Добавить в цитаты Настройки чтения

Страница 9 из 41

Потом наступили девяностые. Огастесу они не понравились. Ему было почти шестьдесят, многие из его друзей уже умерли. Темп жизни вырос. Новое поколение развлекалось по-другому. Исчезли дамы с художественными наклонностями, которых он водил на этюды в «грязно-живописную больницу Святого Варфоломея»; вымерли аристократки — любительницы вести душеспасительные беседы на религиозные темы, не стало восторженной публики, готовой весь вечер напролет любоваться его рисунками, и больше никто не просил его рассказывать свои знаменитые рассказы. Разговоров тоже не стало. Ужины стали столь поздними и долгими, что общение иссякло. Прошло то время, когда блестящий рассказчик разглагольствовал, а общество восхищенно внимало. Сейчас все хотели говорить и никто не хотел слушать. Вероятно, Огастес прискучил публике, и такие дни, когда никто не приглашал его на ужин, случались уже чаще, чем раз в год. Он легко сходился с людьми и в то время, когда я с ним познакомился, сохранил немало преданных друзей, однако они говорили о нем, как бы пожимая плечами, тепло, но с чуть извиняющейся улыбкой. Его стали считать чудаком.

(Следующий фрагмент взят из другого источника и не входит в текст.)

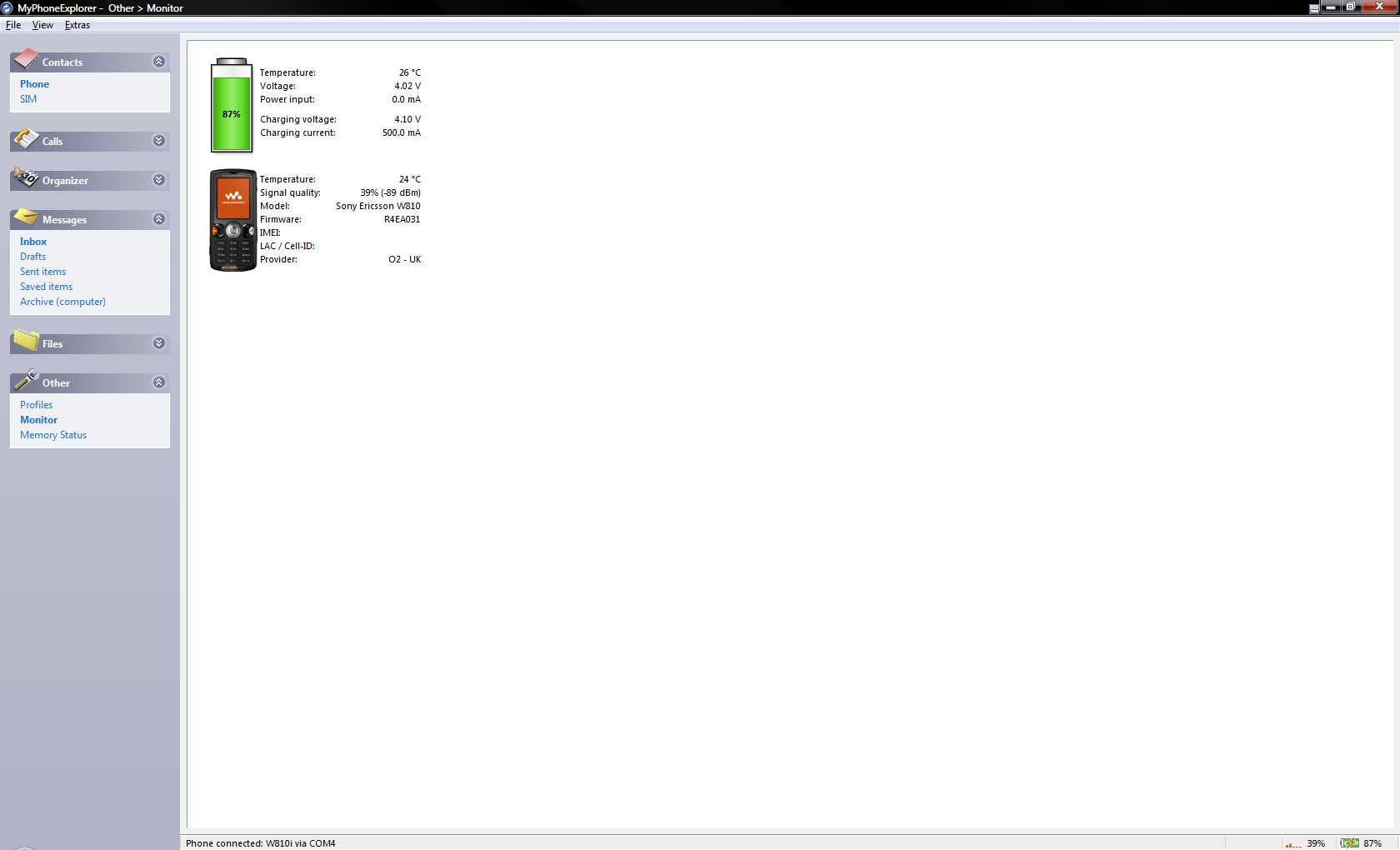 Ok, after I found an AMAZING bit of software for any Sony Ericsson phone (MyPhoneExplorer), and when I plugged my W810i it gave me the screenshot attached.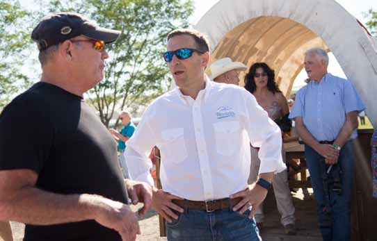 Nevada Attorney General Adam Laxalt speaks with an attendee at his 3rd Annual Basque Fry fundraiser in Gardnerville on Saturday.

К этому месту читатель, вероятно, уже заподозрил в Огастесе сноба. Такое подозрение вполне обоснованно. Но прежде чем его обсуждать, я должен отметить, что со временем это слово немного изменило свое значение. Когда Огастес был молод, джентльмены носили помочи не только на верховых прогулках, а всегда; появиться без них в обществе считалось неприличным (точно также во времена моей юности считалось дурным тоном носить коричневые ботинки в Лондоне). Я полагаю, когда Огастес писал свои дневники, слово «снобизм» было синонимом вульгарности и пошлости. Свое нынешнее значение это слово приобрело благодаря мистеру Теккерею. Конечно, Огастес был снобом. Но здесь, я как Тома Диафуарус из «Мнимого больного» скажу: «Distinquo, сударыня».[1] Оксфордский словарь определяет слово «сноб», как «человек, скрупулезно следующий манерам и вкусам высшего света; ищущий дружбы тех, кто богаче и влиятельней его; претендующий на принадлежность к элите». Тут надо заметить, что Огастес никогда не претендовал на принадлежность к элите, ему и в голову не приходило, что он — не элита. Не распознать в нем представителя высшего класса — было в его глазах признаком совершенного невежества. Нельзя сказать, что он искал дружбы тех, кто богаче и влиятельней. Его дед был мистер Хейр-Нейлор из Хёрстмонсо, и среди родственников, пусть даже очень дальних, было по крайней мере три графа. Он всегда вращался в высших кругах общества, именно для них он написал одну из своих самых успешных книг — «Историю двух благородных жизней», и никого не ставил выше себя. В отличие от Абрахама Хейварда, пробившегося в эти круги с помощью интеллекта или остроумия, Огастес принадлежал к ним от рождения. И тем не менее многие считали его ужасным снобом.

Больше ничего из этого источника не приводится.